**WHAT IS EXPECTED**
Leave out every picture and set down, exactly, the lines below from the one holding "A sleek and" up to and including the one holding "这么长的对话内容,大概的意思".
━━ EXERCISE MATERIALS
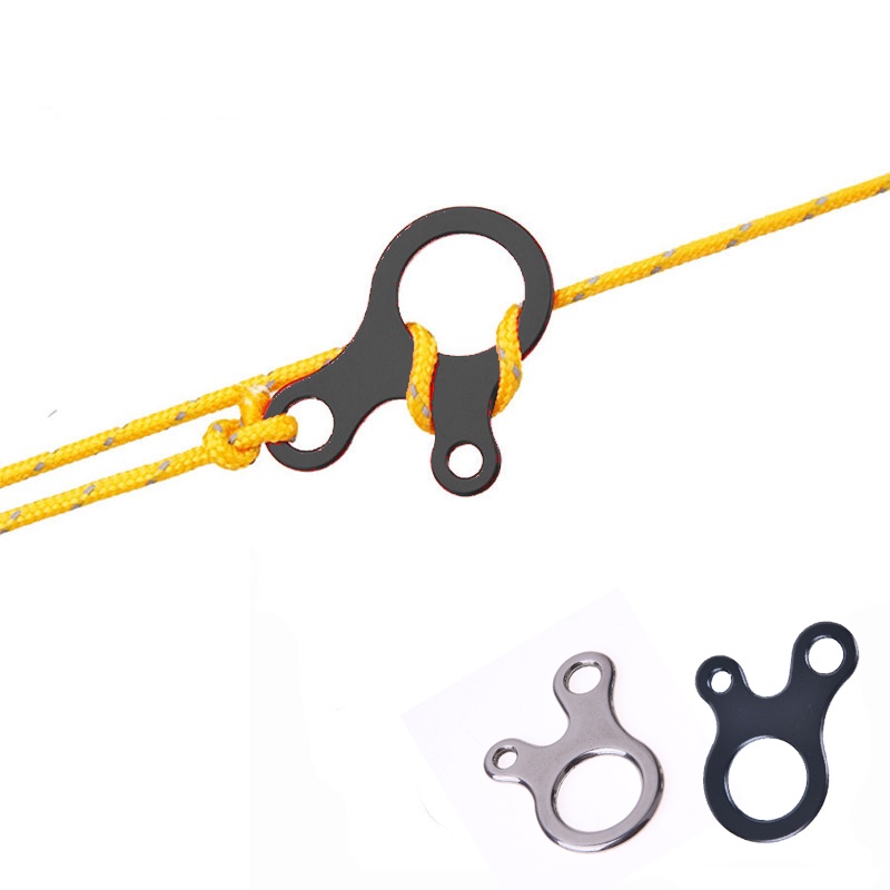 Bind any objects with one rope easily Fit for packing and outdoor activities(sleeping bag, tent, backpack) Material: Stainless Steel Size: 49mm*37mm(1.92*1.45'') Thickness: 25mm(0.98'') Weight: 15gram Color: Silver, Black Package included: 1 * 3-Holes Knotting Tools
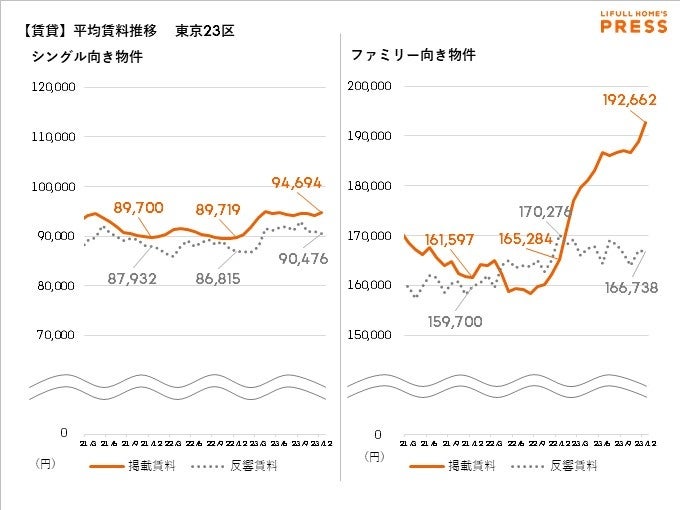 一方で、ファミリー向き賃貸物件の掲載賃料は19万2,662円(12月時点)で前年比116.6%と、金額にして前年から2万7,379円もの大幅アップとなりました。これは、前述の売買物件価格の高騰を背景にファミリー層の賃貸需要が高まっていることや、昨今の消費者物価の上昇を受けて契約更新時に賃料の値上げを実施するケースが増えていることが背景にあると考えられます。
━━━━
━━ EXERCISE MATERIALS
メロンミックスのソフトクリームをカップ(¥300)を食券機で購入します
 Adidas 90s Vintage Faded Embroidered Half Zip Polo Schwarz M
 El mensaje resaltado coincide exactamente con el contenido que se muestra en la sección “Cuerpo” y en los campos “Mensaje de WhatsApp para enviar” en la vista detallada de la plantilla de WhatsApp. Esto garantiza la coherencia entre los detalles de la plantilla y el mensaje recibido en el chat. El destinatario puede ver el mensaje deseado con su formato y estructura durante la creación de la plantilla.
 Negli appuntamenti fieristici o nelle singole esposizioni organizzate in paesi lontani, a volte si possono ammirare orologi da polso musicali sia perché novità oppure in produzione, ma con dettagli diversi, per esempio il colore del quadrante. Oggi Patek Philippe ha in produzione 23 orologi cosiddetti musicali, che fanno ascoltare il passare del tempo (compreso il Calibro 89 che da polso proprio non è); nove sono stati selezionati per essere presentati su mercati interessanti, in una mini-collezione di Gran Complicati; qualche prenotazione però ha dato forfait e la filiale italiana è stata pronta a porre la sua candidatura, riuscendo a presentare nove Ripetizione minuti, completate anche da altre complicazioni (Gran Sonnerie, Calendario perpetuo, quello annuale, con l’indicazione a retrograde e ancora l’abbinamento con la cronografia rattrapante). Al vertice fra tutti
━━━━
━━ EXERCISE MATERIALS
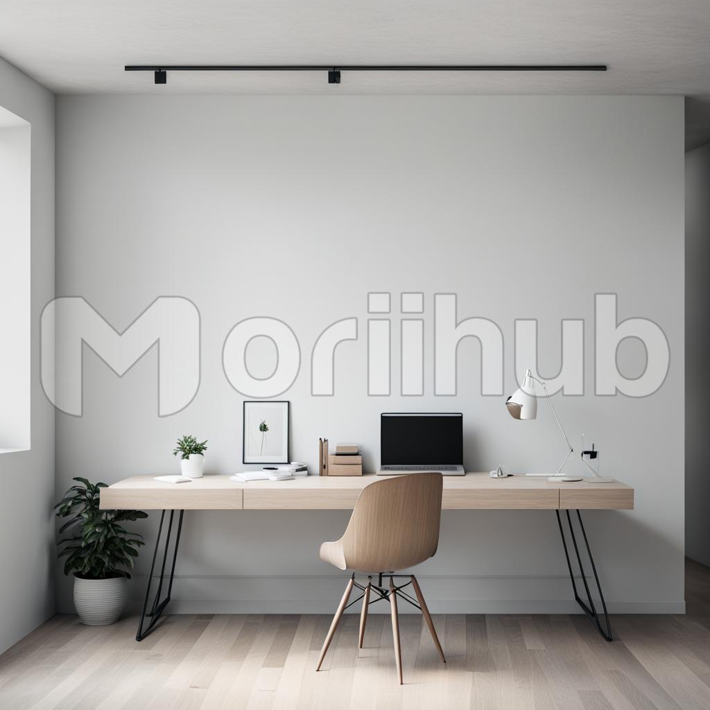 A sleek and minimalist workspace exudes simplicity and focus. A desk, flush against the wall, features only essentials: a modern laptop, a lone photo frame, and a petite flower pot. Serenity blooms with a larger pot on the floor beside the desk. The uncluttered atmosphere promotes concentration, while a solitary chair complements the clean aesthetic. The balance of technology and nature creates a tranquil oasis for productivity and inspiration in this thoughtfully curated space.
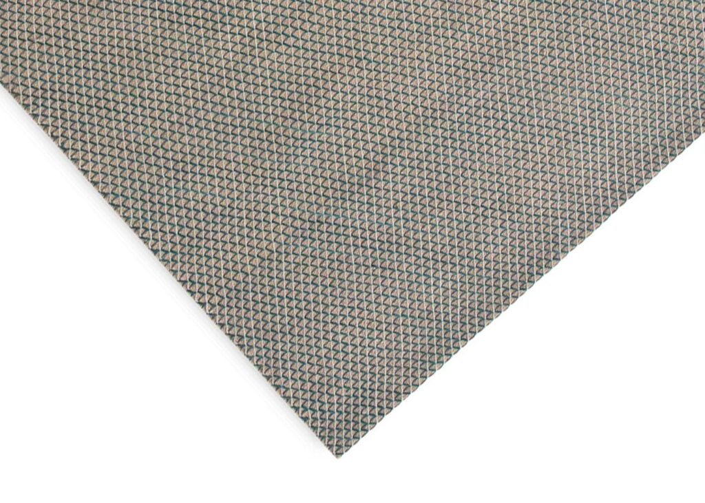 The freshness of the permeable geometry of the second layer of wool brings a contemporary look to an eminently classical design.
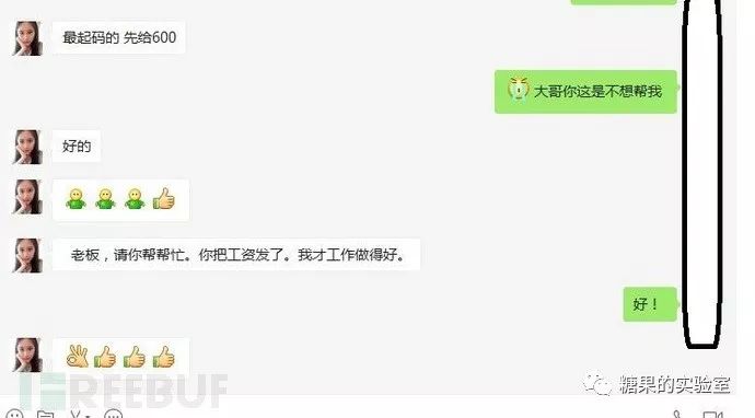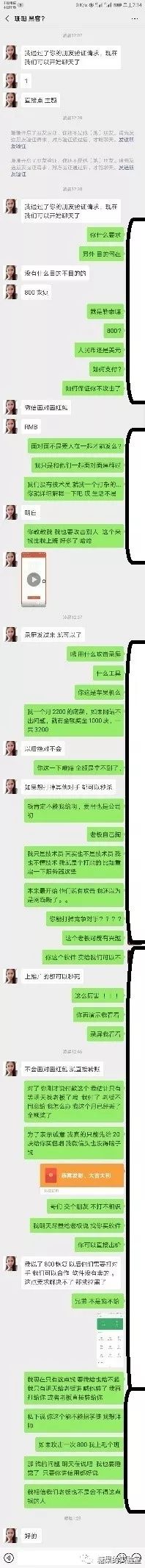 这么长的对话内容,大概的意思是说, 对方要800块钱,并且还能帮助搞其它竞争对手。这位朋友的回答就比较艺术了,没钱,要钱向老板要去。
━━━━
**SOLUTION FOR THIS TASK**
 A sleek and minimalist workspace exudes simplicity and focus. A desk, flush against the wall, features only essentials: a modern laptop, a lone photo frame, and a petite flower pot. Serenity blooms with a larger pot on the floor beside the desk. The uncluttered atmosphere promotes concentration, while a solitary chair complements the clean aesthetic. The balance of technology and nature creates a tranquil oasis for productivity and inspiration in this thoughtfully curated space.
 The freshness of the permeable geometry of the second layer of wool brings a contemporary look to an eminently classical design.
 这么长的对话内容,大概的意思是说, 对方要800块钱,并且还能帮助搞其它竞争对手。这位朋友的回答就比较艺术了,没钱,要钱向老板要去。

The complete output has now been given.